The time has come to tell you about another book that has caused us genuine interest and serious debate.

We assumed that in the field of learning algorithms for distributed systems brevity is the sister of talent, so the study of the book by Wan Fokkin “Distributed Algorithms. Clear approach ” is a promising and rewarding affair, even if the volume of the book is only 248 pages.
')

However, in order to participate in the survey was more interesting, we first invite you under the cat, where is the translation of the most interesting article by Jeff Hodges, describing the most diverse problems associated with the development of distributed systems.

I have long thought about what lessons are learned at work by engineers for the maintenance of distributed systems.

Much of this knowledge is acquired when we burn ourselves from our own mistakes in real “combat” traffic. These burns are well remembered, but I would like as many engineers as possible not to make such mistakes.

Young system engineers should definitely read “Misconceptions about distributed computing” and get acquainted with the “CAP-theorem” in the order of self-education. But these are abstract works without direct practical advice — namely, such advice is necessary for a young engineer to start growing. It's amazing what a scanty context such an engineer has when he just starts working.

Below are some of the lessons that I learned as an engineer for distributed systems that I would like to teach a young colleague. Some lessons are not obvious, others are surprising, but most of them are ambiguous. This list will help the novice engineer of distributed systems to orient themselves in the subject area, where he will begin his professional career. The list is not exhaustive, but quite good for a start.

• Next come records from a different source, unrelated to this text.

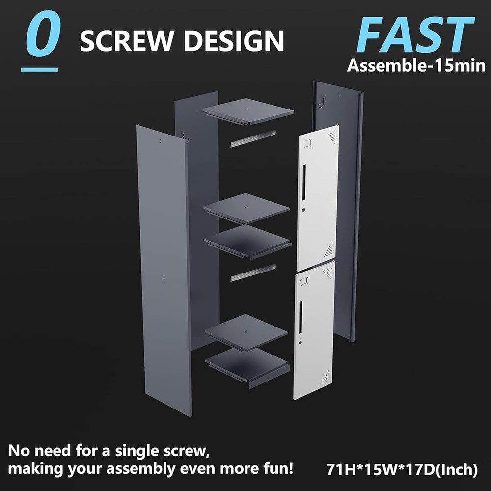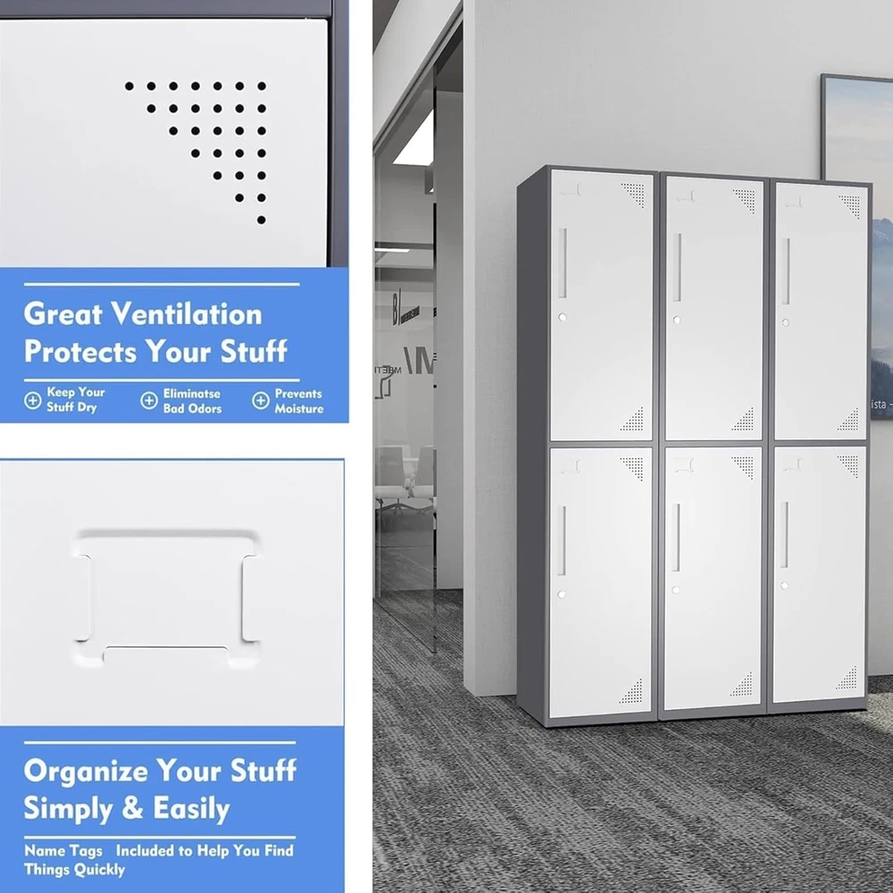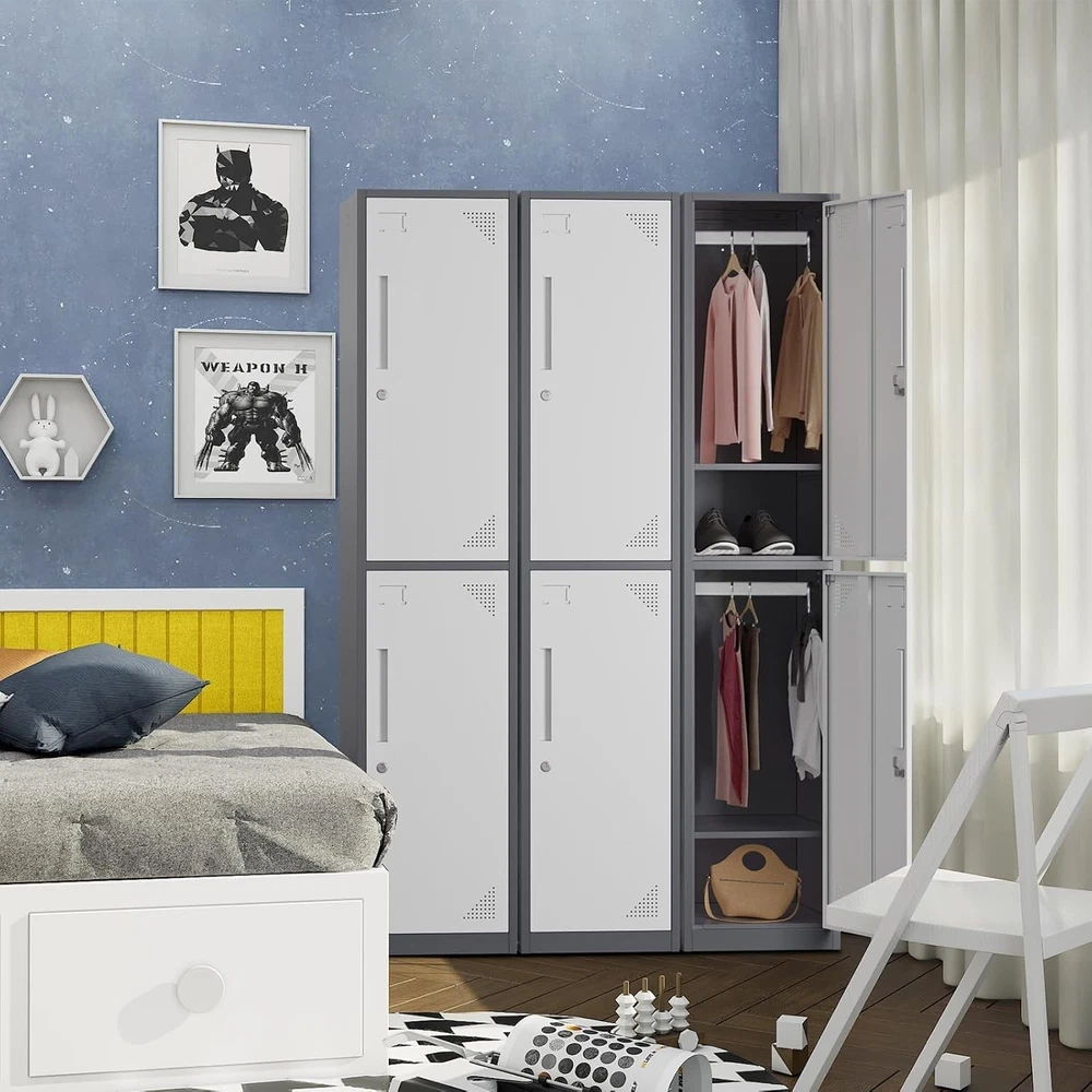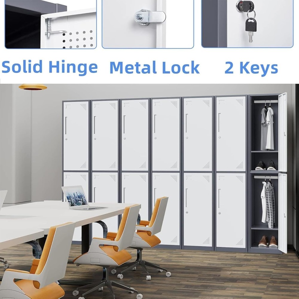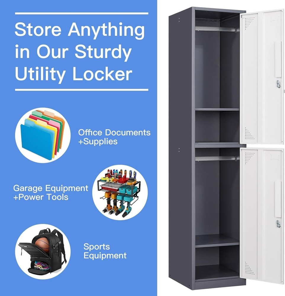 Product Description Metal Lock: Imported steel locks, strong and durable. Anti-theft and tamper-proof, high safety factor Upgraded Materials: metal storage cabinet is made of 0.6mm reinforced full-steel frame construction, plate adopted environmentally powder coated finish, capacity to resist corrosion and rust,more durable than wood cabinets. Large Storage Capacity: Equipped with 4 separate compartments to meet your storage needs for items of different sizes and meet most of your daily needs. Store handbags, coats, etc. Thoughtful design: Get the perfect storage solution for any room in your house with the Single Metal Locker Storage Cabinet. Features stainless steel hooks for hanging coats. Metal Locker with keys (2 Door) Package Contents: With three independent storage spaces, it can meet your different storage needs. --1 Door with Lock and Keys --Metal Hook * 4 --Lockers for Employees --Lockers for break room --Larger Storage Capacity About this item Spacious Compartments: These ventilated lockers for employees or for home provide all the space needed to secure belongings. Thoughtful Design: Name tags can help you find thing quickly ,Organize your stuff simply & easily.Every tier of the metal locker storage cabinet is equipped with a latch compatible with the most commonly used combination locks or padlocks. Multiple Uses: Steel storage locker with simple and compact appearance can easily blend with most of places, such as school, home gym, locker room, porch, dressing room, office, dorm room,classroom.etc. Sturdy Metal Construction: Made of durable recyclable metal material with powder coating surface, this pantry cabinet is built to last. The metal construction not only offers large load capacity but also makes it scratch and rust-resistant. Easy Assemble: The necessary hardware and detailed assembly instructions are included in the package. With simple step-by-step directions and minimal parts, the locker is very easy to assemble. On Aug 14, 2025 at 03:54:38 PDT, seller added the following information:
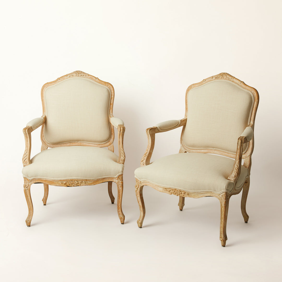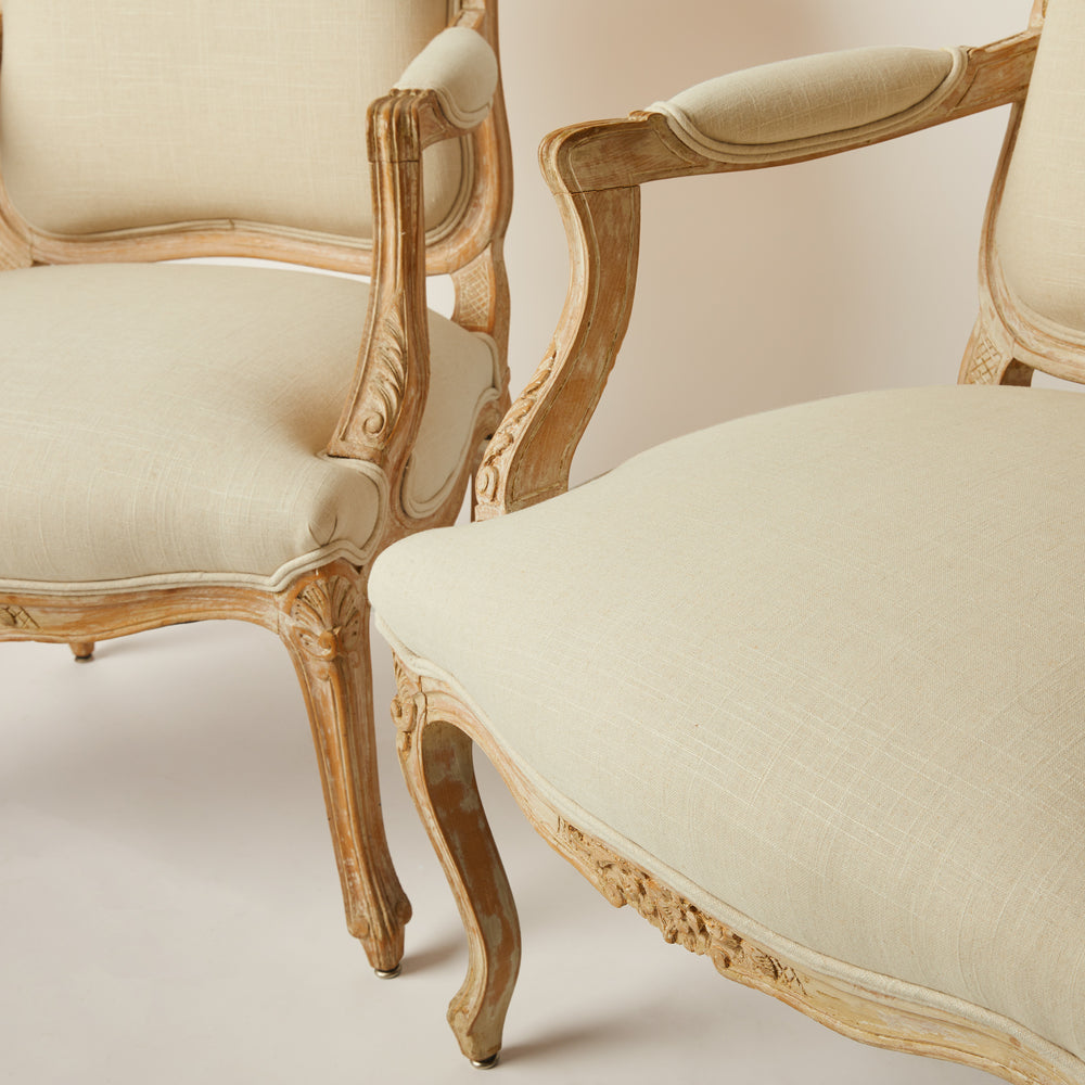 Pair of French Fauteuil Chairs Newly Upholstered In Linen
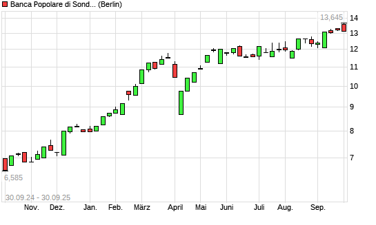 Mit dem Anstieg auf 13,49 EUR hat die BCA Pop di Sondrio-Aktie (ISIN IT0000784196) am 29.09.2025 ein neues All-Time-High erreicht und damit den Kurs vom 15.09.2025 eingestellt.Die BCA Pop di ...weiterlesen
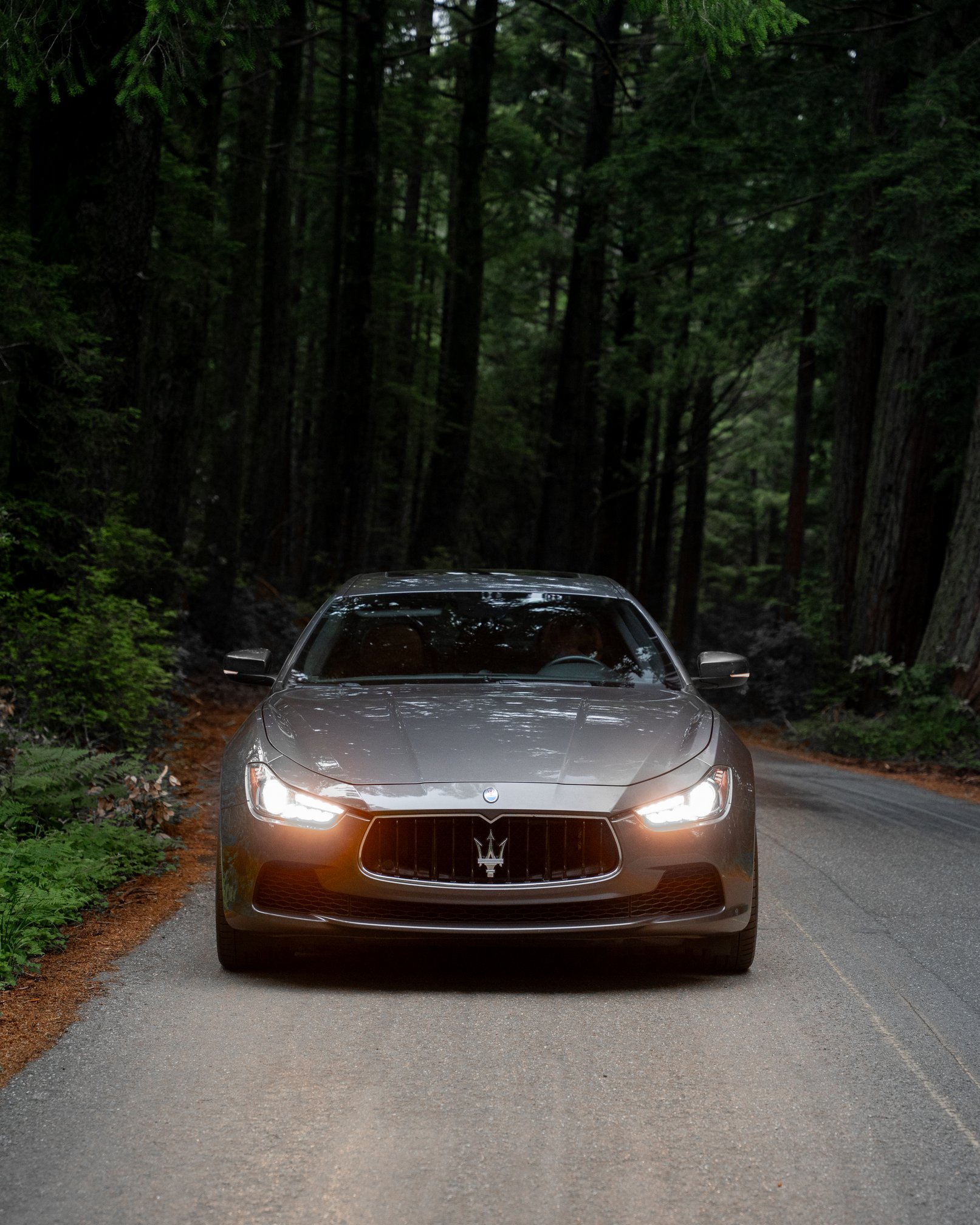 Winding through the trees, I acclimatize to the Ghibli on the move. At this slow pace, the steering is heavy and muted—only the largest bumps make it to my fingertips. The drivetrain senses my laziness and upshifts, running the engine at a measly 1500 rpm. Unhurried driving doesn’t capitalize on the Ghibli’s sporty heritage. Its tight suspension clomps over the bumps while the engine wheezes along, running below the turbos’ boost threshold.

The main drawback of this list is that it focuses on technical problems, but almost does not touch upon social issues that an engineer may encounter. Since distributed systems require more machines and investments, such engineers have to interact with various teams and large organizations. Communication is usually the most difficult part of the work of any programmer, and in particular this concerns the development of distributed systems.

Our leaven, education and experience are pushing us towards technical solutions, even if there is a more pleasant and effective social solution. Let's try to fix it. People are not as capricious as computers, even if the human interface is worse standardized.

So let's go

The feature of distributed systems is that they often fail.

If you ask what distinguishes distributed systems from other branches of programming, the young specialist will certainly mention delays, believing that they are complicating distributed computing. But this is a mistake. The main feature of distributed systems is the high probability of failure and, worse, the probability of partial failure. If a well-written mutex unlock fails and gives an error, you can assume that the process is unstable and complete it. But the failure to unlock a distributed mutex must be taken into account in the lock protocol.

A system engineer who did not deal with distributed computing might think: “OK, I’ll just send a record to both machines” or “OK, I’ll send the record until it works.” Such engineers simply did not quite accept (although they realized intellectually) the fact that network systems fail more often than systems running on separate machines, and such failures are usually partial and not total. One record can go through, while others can not; and how do we then get a consistent view of the data? It is much more difficult to judge such partial failures than total ones.

Switches are disabled, because of pauses in the garbage collection, the leading disks "disappear", writing to sockets would seem to work, but does not actually work on another machine, because of the slow drive on one computer, the information exchange protocol in the entire cluster works with turtle speed, etc. Reading from local memory is simply a more stable process than reading from multiple switches at once.
When designing, consider such failures.

Writing fault-tolerant distributed systems is more costly than reliable single systems

Creating a fault-tolerant distributed solution requires more money than a similar program for one machine. The fact is that some types of failures can occur only immediately on many machines. Virtual machines and cloud technologies reduce the cost of distributed systems as such, but not the development, implementation and testing of such systems on an existing computer. There are such failure conditions that are difficult to simulate on a separate machine. If the situation can occur only with much larger data sets than can fit on a shared machine, or in conditions potentially possible only in the data center network, distributed systems usually require real, not simulated distribution - only this way you can eliminate their bugs. Simulations are, of course, also very useful.

Reliable distributed open source systems are much less common than reliable systems for single machines.

The cost of long-term operation of numerous machines is a heavy burden for free communities. The development of free development - the merit of enthusiasts and amateurs, but they do not have sufficient financial resources to investigate and correct all the many problems that arise in a distributed system. Enthusiasts write open source code for interest in their free time, on computers that they already have. Such a developer is much more difficult to acquire a "fleet" of machines, to overclock and maintain them.
Part of this work is taken up by programmers working in large corporations. However, the priorities of the organization in this case may well not coincide with yours.
Although some members of the free community are aware of this problem, it has not been solved yet. It's hard.

Coordination is very difficult.

If possible, try to do without coordinating the machines. Such a strategy is often referred to as "horizontal scalability." The main trump card of horizontal scalability is independence. It allows you to deliver information to machines in such a mode that the need for communication and coordination between these machines is minimized. Each additional agreement between the machines complicates the implementation of the service. The speed of information transfer has a certain limit, and network communication is more flimsy than you might think. In addition, you probably do not quite understand what “harmonization” is. In this case, it is useful to study the tasks of two generals and Byzantine generals (by the way, the Paxos algorithm is still very difficult to implement; here the old grumbling programmers do not even try to show that they are smarter than you).

If you can fit a task in memory, then it is probably trivial.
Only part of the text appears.